In her memoir, Surviving the White Gaze, adoptee Rebecca Carroll describes her birth mother, Tess, as “the central character in a fairy tale written just for me.” For many adoptees, the story of their birth family and their adoption—in other words, their life—becomes something like a fairy tale, a story that ends with their adoption as happily ever after. These stories are often told for them by their adoptive families, adoption advocates, even national baby-food corporations. With her memoir, Carroll takes full control of her story and examines her experiences as a Black girl growing up in a white family and community with deep insight, thoughtful nuance, and, most of all, compassion for her younger self.

While adoption is often touted as proof that it takes only love to make a family, Carroll illustrates all the ways love is not enough when it comes to the issues of race, trauma, and loss that come with transracial adoption. Through lush prose filled with incredible detail amassed from years of journaling, letters, and other artifacts, Carroll takes us on a captivating journey of self-actualization. As we watch her navigate her rural, idyllic-on-the-surface New Hampshire hometown and a tumultuous, emotionally damaging relationship with her white birth mother, we get to bear witness to a powerful becoming. Bitch spoke to Carroll about excavating memories, the complicated role of whiteness in her life, and how she knew she was ready to tell her own story on her own terms.

I found the story arc of the book to have this really great bookend structure, beginning and ending on these images of what appears to be, on the surface, an idyllic childhood. How did you decide where to begin and end the story?

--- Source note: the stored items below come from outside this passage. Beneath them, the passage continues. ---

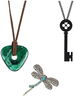 Button Key Necklace Dragonfly Hairpin Green Stone Necklace Costume Accesories for Halloween Cosplay Dress Up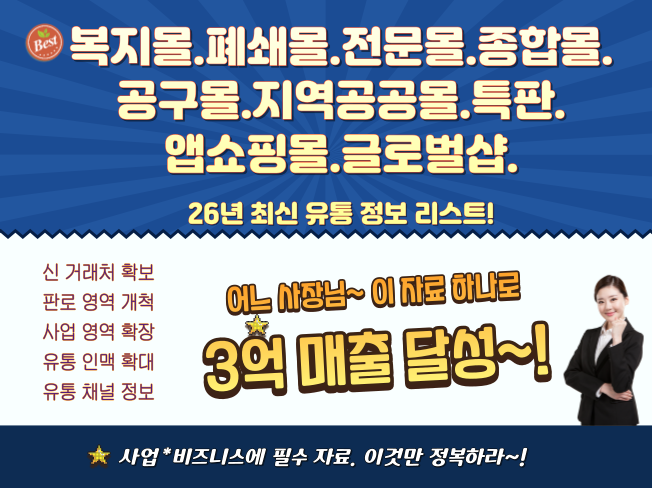유통 폭을 좀 더 넓히고 확장시키고 싶은 분들께 큰 도움이 될 수 있도록 전문몰 정보까지 추가하여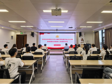 为庆祝中国共产党成立103周年,进一步加强党员党性教育,切实增强新发展党员的身份认同感和责任感,7月1日中午,计算机学院党委于南湖综合楼7119报告厅举行2024年新发展党员集体入党宣誓仪式。院党委书记王坤、副书记庄甲鹏,研究生辅导员朱珠、孙煜林,本科生辅导员宗佳敏、肖克、赵丹,研究生专硕第一党支部书记陈欣紫出席本次仪式。仪式由计算机学院党务干事、本科生辅导员董明月主持。
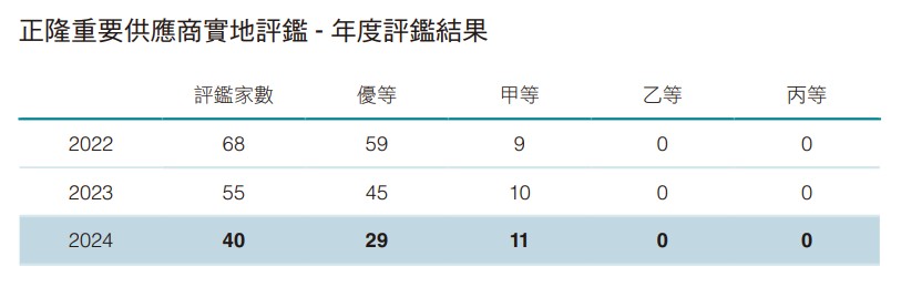 截至2024年,正隆累計完成251家供應商的實地評鑑,占2030年目標的81%,2024 年單一年度新增完成40家。2024年度評鑑結果顯示,優等供應商29家,甲等11家,乙等及丙等供應商均為0家。為持續強化供應鏈的永續韌性,正隆每年規劃並執行實地評鑑與現場查核作業,且根據產業趨勢與供應商運營狀況,持續優化評鑑指標。同時,對評鑑結果較低的供應商,公司會指派專人或委請專家進行輔導,協助其提升永續管理能力,以提升整體供應鏈韌性與永續競爭力。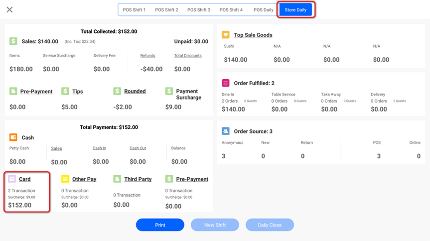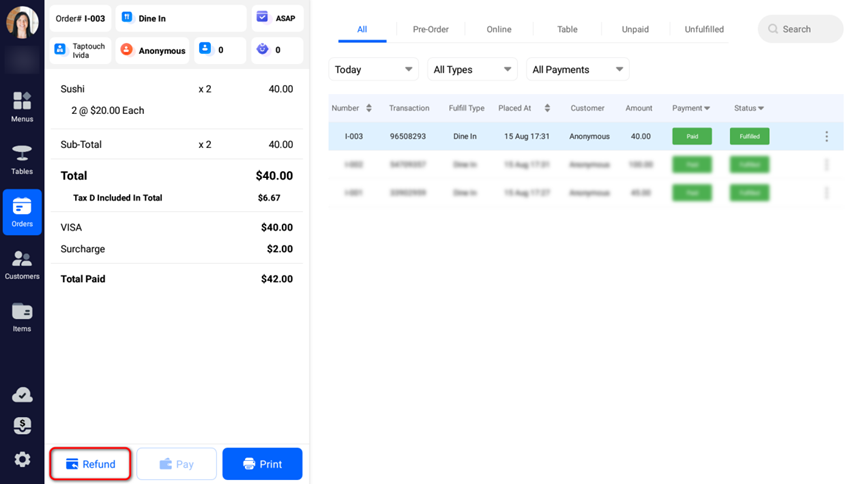 1. On POS, go to the order page, select the order to be refunded, and click Refund at the bottom left of the order page.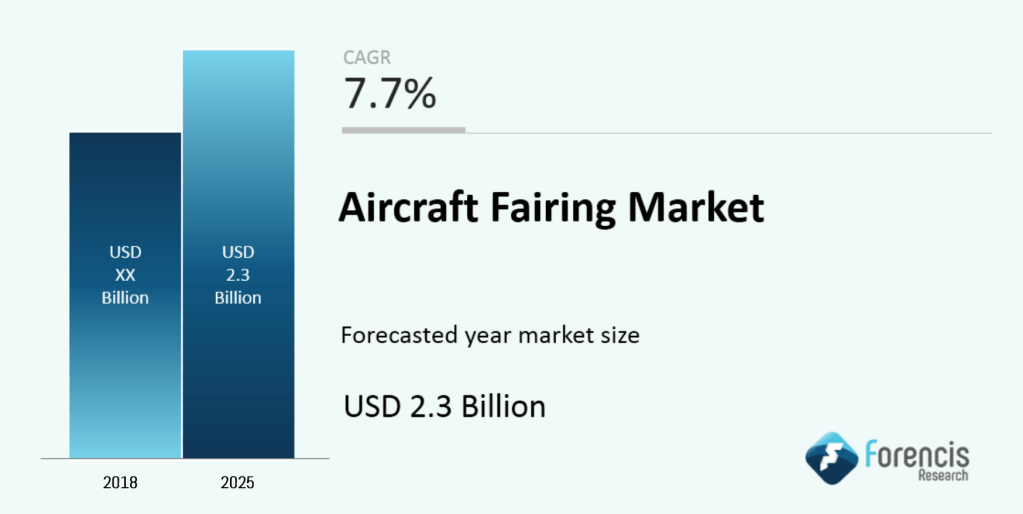 The Global Aircraft Fairing Market is estimated to reach USD 2.3 Billion by 2025 at a CAGR of 7.7%, observes forencis research (FSR).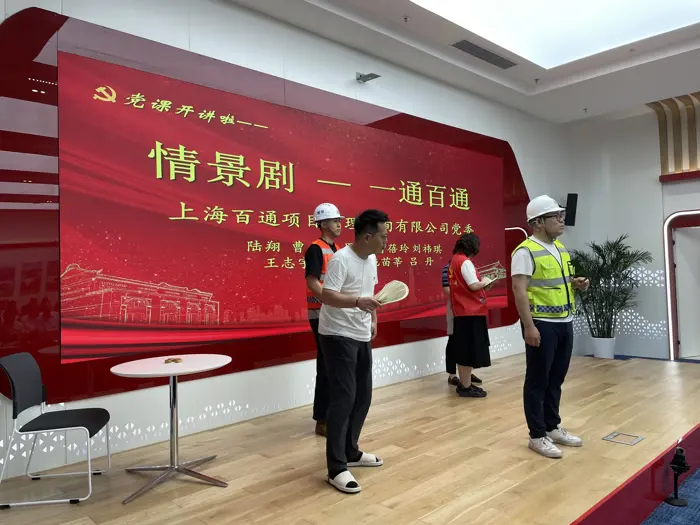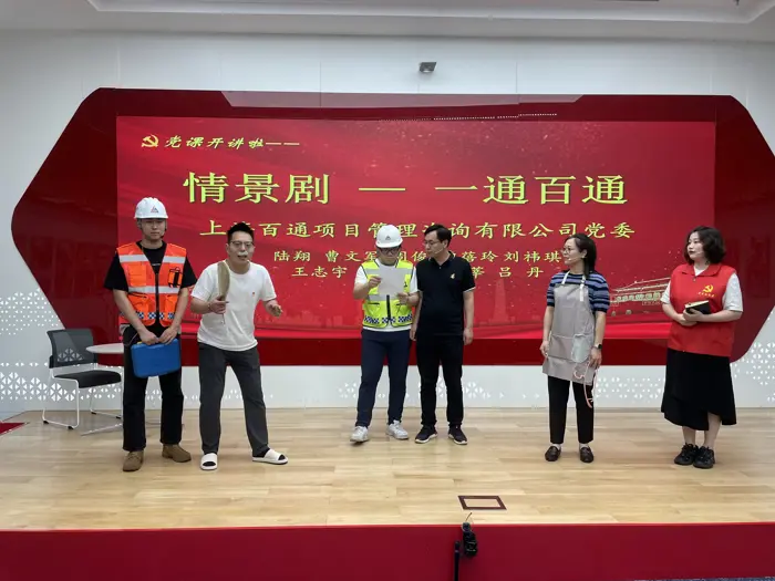 “七一”前夕,6月26日下午,上海百通項目管理咨詢有限公司黨委書記、副總經理顧超同志、黨群工作部、獲獎黨支部代表、獲獎黨員代表、“黨課開講啦”情景劇《一通百通》全體演職人員參加了浦東新區社會工作黨委直屬綜合黨委慶祝建黨103周年暨表彰活動。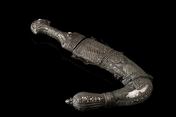 Grande jambiya arabo yemenita con impugnatura in legno rivestita di lamina d'argento con decori geometrici in rilievo. Larga lama a lingua di bue a doppio taglio con costolatura centrale. Fodero in legno ricoperto di lamina d'argento completamente lavorata in rilievo a simboli geometrici. Fine secolo XIX/ inizio secolo XX (l. cm 38) (usura del tempo)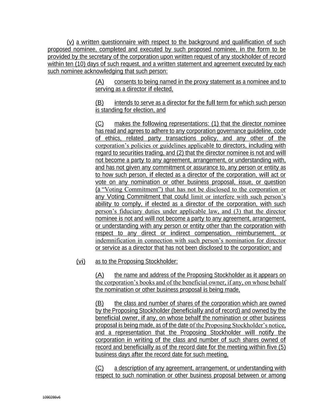 1090286v6 (v) a written questionnaire with respect to the background and qualification of such proposed nominee, completed and executed by such proposed nominee, in the form to be provided by the secretary of the corporation upon written request of any stockholder of record within ten (10) days of such request, and a written statement and agreement executed by each such nominee acknowledging that such person: (A) consents to being named in the proxy statement as a nominee and to serving as a director if elected, (B) intends to serve as a director for the full term for which such person is standing for election, and (C) makes the following representations: (1) that the director nominee has read and agrees to adhere to any corporation governance guideline, code of ethics, related party transactions policy, and any other of the corporation’s policies or guidelines applicable to directors, including with regard to securities trading, and (2) that the director nominee is not and will not become a party to any agreement, arrangement, or understanding with, and has not given any commitment or assurance to, any person or entity as to how such person, if elected as a director of the corporation, will act or vote on any nomination or other business proposal, issue, or question (a “Voting Commitment”) that has not be disclosed to the corporation or any Voting Commitment that could limit or interfere with such person’s ability to comply, if elected as a director of the corporation, with such person’s fiduciary duties under applicable law, and (3) that the director nominee is not and will not become a party to any agreement, arrangement, or understanding with any person or entity other than the corporation with respect to any direct or indirect compensation, reimbursement, or indemnification in connection with such person’s nomination for director or service as a director that has not been disclosed to the corporation; and (vi) as to the Proposing Stockholder: (A) the name and address of the Proposing Stockholder as it appears on the corporation’s books and of the beneficial owner, if any, on whose behalf the nomination or other business proposal is being made, (B) the class and number of shares of the corporation which are owned by the Proposing Stockholder (beneficially and of record) and owned by the beneficial owner, if any, on whose behalf the nomination or other business proposal is being made, as of the date of the Proposing Stockholder’s notice, and a representation that the Proposing Stockholder will notify the corporation in writing of the class and number of such shares owned of record and beneficially as of the record date for the meeting within five (5) business days after the record date for such meeting, (C) a description of any agreement, arrangement, or understanding with respect to such nomination or other business proposal between or among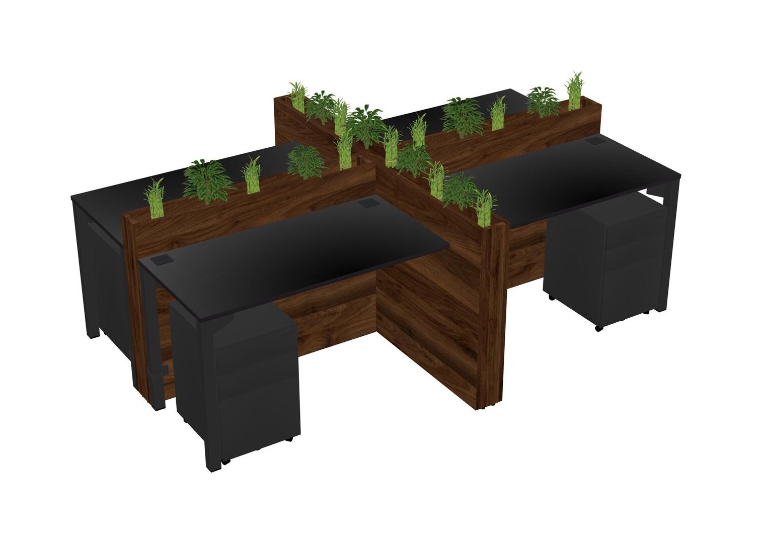 Black Rectangular Shared Office Desk For 4 Persons Let Nature Help Flourish Your Productivity The Base Comes With An Adjustable Shelf To Provide Space For Pots (Pots & Plants Sold Separately)
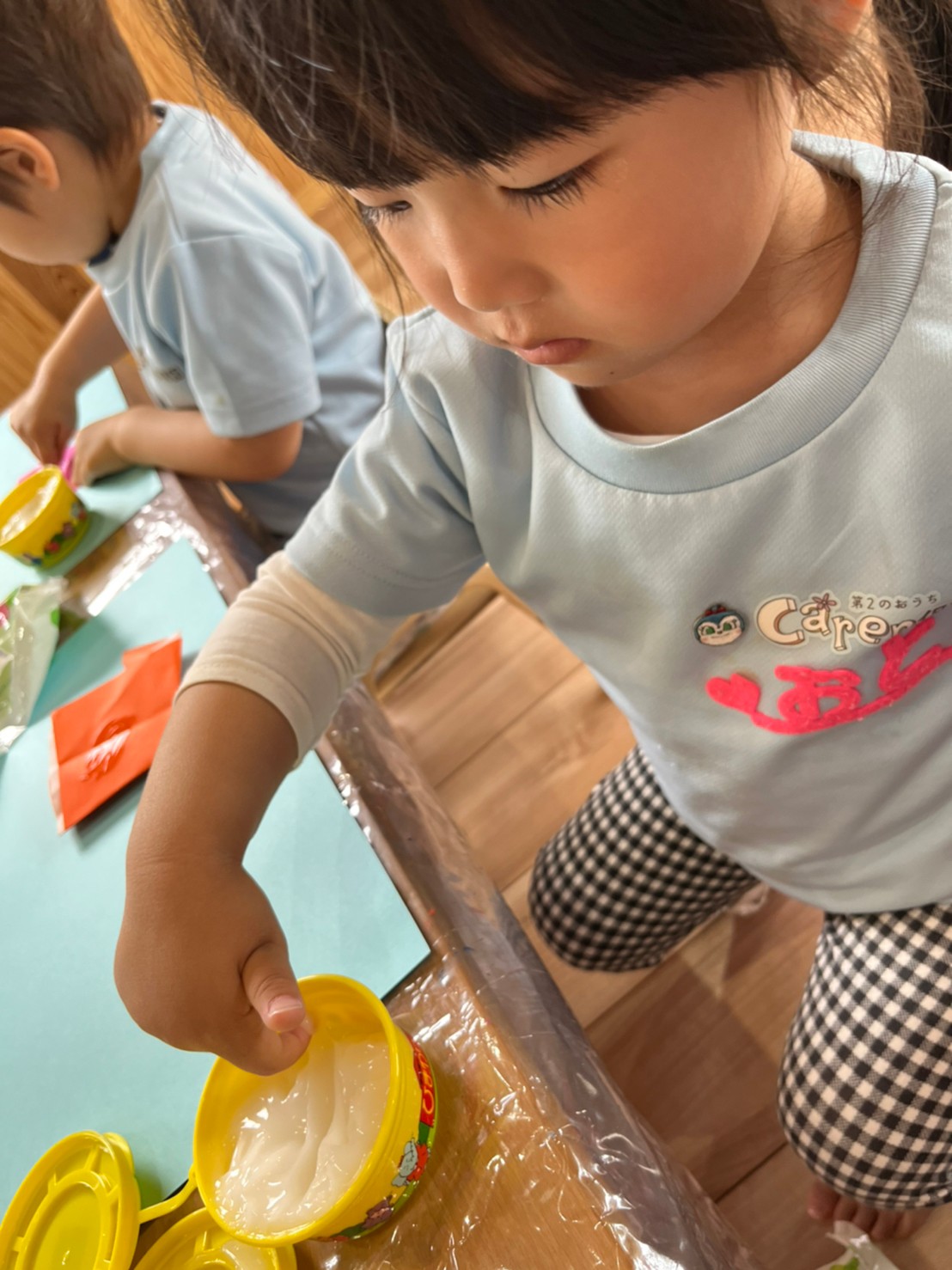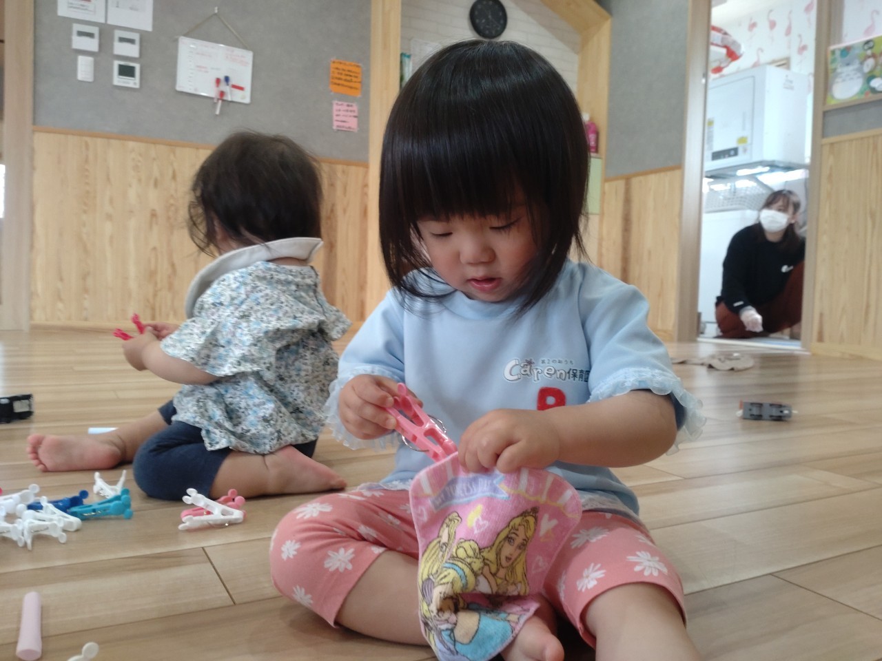 洗濯ばさみでハンカチを挟んだり、長〜く繋げたりたりして器用に指先を使っていましたよ🥰

I had initially wanted to start with meeting my birth father because that was the critical turning point. But then I realized that in order for people to really understand and grasp the full impact of the cracking of the idyllic childhood, the contrast had to make sense. For readers to understand that I lived in this all-white world, there had to be a curatorial element to it; [my whole world] was under the white gaze. So I wanted to start with that all-white world without actually naming [its whiteness], in the hope that people would get so caught up in the beauty of it that they would be really shook when they were able to sort of step away and see what I was setting up.

In those opening paragraphs, there’s this really beautiful place readers certainly get caught up in. And then your world slowly unravels throughout the rest of the book.

Right. But that’s the thing about surviving the white gaze: It’s the default. It’s everywhere. It’s the air. It’s the air my brother, my sister, and I breathed, and when we left that bubble, [my brother and sister] continued largely to live in that mindset because they could. Their teacher wasn’t saying to them [that] they’re very pretty or handsome for a Black girl or boy. None of those touchstones shook them out of what our childhood incorporated or gave us in terms of how the world works.

Toward the beginning of the book, when you’re describing taking ballet classes, you use this phrase: “I was being ushered through my life via the powerful passport of white privilege.” And yet, white privilege and white supremacy have been central barriers in your life. How do you reconcile these two seemingly opposing experiences with white privilege? Or would you even consider them to be opposing?

No, I don’t think they’re opposing. White privilege and white supremacy did the ushering [because] that’s what white privilege and white supremacy do. This is one of those conversations that’s tricky to have in terms of the framework of adoption, particularly transracial adoption in America. The foundation of America is completely colonialist, so the assumption is always that the white family is better. I knew that. When I recognized I was being ushered through [white privilege and white supremacy], I didn’t think it would stop. But the ushering was only when I was under the shield [of my family’s white privilege]. And quite frankly, it wasn’t much of a shield. But that’s what separates or distinguishes white privilege and adjacency to white privilege—you don’t have white privilege if you’re not white, but if you’re in proximity to white privilege, you delude yourself into thinking it will somehow protect you.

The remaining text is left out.